Usually the recommendation is to go on to a preventative medication which the GP can prescribe, although all these have some side effects.

There's a special pain killer specially for migraine called a 'triptan'. There are several different kinds on prescription and although you can buy one of them OTC I think your mum should check with her GP this is ok for her as she is a smoker.

She may be able to cut down the number of migraines by looking at her triggers. Although migraine is genetic, people all have different triggers that can set it off such as strong smells, not enough sleep, caffeine, heat, stuffy rooms, certain foods and drinks, etc. Maybe you could help her with that by making a diary or chart and seeing if there is a pattern, if she gets worse migraines in certain situations or with particular foods. For some women, hormones are a trigger as well. It's important to stay hydrated by drinking regular amounts of water. Maybe she'd consider giving up smoking.

If you look at Youtube and search for the migraine channel and Dr Peter Goadsby, and Dr David Kernick, you'll find some really useful video interviews about migraine and other kinds of headache. I know migraine can be very, very frightening and these help to explain it.

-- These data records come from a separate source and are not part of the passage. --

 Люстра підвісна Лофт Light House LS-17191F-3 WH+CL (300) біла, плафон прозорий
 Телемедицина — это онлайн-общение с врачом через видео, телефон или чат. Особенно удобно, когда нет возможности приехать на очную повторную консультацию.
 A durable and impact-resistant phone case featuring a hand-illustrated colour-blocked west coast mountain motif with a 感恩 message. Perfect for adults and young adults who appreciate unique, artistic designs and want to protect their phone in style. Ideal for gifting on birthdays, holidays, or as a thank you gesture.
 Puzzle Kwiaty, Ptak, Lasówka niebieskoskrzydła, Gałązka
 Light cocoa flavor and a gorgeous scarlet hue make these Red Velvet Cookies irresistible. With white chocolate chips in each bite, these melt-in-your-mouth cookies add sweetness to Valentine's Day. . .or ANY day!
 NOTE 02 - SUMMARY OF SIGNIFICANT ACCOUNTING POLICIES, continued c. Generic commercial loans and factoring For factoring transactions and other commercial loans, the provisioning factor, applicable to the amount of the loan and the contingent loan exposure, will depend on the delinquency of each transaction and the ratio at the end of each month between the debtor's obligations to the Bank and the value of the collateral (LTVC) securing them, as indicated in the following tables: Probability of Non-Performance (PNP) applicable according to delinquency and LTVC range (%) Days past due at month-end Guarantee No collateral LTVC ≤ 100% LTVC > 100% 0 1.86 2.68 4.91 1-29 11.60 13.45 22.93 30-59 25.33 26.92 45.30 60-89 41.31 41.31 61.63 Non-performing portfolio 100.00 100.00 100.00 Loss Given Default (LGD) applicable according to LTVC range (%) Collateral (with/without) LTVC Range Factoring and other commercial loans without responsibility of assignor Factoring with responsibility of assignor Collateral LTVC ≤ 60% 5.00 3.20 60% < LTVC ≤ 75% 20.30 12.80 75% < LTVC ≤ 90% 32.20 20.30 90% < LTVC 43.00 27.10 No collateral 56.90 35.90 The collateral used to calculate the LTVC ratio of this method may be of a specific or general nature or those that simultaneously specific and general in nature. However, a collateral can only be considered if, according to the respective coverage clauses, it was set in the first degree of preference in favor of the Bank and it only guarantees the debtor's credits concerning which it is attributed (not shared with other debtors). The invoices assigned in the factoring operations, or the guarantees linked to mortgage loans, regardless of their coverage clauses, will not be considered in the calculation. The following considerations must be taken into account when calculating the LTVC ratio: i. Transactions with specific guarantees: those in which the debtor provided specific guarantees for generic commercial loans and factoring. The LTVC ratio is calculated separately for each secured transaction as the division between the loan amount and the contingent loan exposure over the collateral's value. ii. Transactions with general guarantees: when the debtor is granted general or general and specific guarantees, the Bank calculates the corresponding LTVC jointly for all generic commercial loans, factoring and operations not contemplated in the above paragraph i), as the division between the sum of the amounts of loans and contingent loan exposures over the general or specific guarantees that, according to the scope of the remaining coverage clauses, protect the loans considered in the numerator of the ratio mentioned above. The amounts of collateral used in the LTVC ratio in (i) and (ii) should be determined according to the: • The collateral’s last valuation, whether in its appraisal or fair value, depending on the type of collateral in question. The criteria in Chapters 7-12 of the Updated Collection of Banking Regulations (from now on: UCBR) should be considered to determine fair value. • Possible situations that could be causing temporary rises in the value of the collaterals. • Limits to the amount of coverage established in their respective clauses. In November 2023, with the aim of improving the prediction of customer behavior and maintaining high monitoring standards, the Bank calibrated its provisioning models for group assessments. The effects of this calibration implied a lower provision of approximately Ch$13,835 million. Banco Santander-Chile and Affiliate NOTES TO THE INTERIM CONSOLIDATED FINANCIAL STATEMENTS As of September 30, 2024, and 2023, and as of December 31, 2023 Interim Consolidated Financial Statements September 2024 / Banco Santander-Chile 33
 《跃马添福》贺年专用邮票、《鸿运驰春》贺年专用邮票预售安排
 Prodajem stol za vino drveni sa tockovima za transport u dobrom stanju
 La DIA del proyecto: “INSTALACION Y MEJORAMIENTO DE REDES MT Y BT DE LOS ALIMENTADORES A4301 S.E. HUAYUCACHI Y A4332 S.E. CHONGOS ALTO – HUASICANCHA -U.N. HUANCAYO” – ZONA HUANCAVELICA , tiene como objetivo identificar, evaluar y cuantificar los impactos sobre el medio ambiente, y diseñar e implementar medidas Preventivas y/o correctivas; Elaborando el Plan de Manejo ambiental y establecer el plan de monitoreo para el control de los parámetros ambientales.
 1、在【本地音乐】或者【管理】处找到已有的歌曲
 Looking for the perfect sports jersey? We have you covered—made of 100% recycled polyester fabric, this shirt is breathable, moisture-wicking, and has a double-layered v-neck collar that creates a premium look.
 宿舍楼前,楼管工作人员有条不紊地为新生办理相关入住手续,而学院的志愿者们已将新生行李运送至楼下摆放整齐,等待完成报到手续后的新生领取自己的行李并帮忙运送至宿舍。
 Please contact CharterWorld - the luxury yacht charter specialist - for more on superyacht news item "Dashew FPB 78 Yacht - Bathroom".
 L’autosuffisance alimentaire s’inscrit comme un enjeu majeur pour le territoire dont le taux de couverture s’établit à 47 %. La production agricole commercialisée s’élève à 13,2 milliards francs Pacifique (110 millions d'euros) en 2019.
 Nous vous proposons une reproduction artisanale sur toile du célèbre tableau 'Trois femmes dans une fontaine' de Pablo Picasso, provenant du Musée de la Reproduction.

It sounds like she should go back to her GP as a start and explain she is not coping. If she can't get help or referred to a specialist, perhaps she could self refer to the National Migraine Centre.


It's nice to know your mum has a caring daughter. I'm almost certain your mum is having typical migraines. The problem is with migraines they can change structure over the years. Mine are completely different now to what they used to be. Tell your mum to go to the doctors as she can get tablets that will help her when she gets them.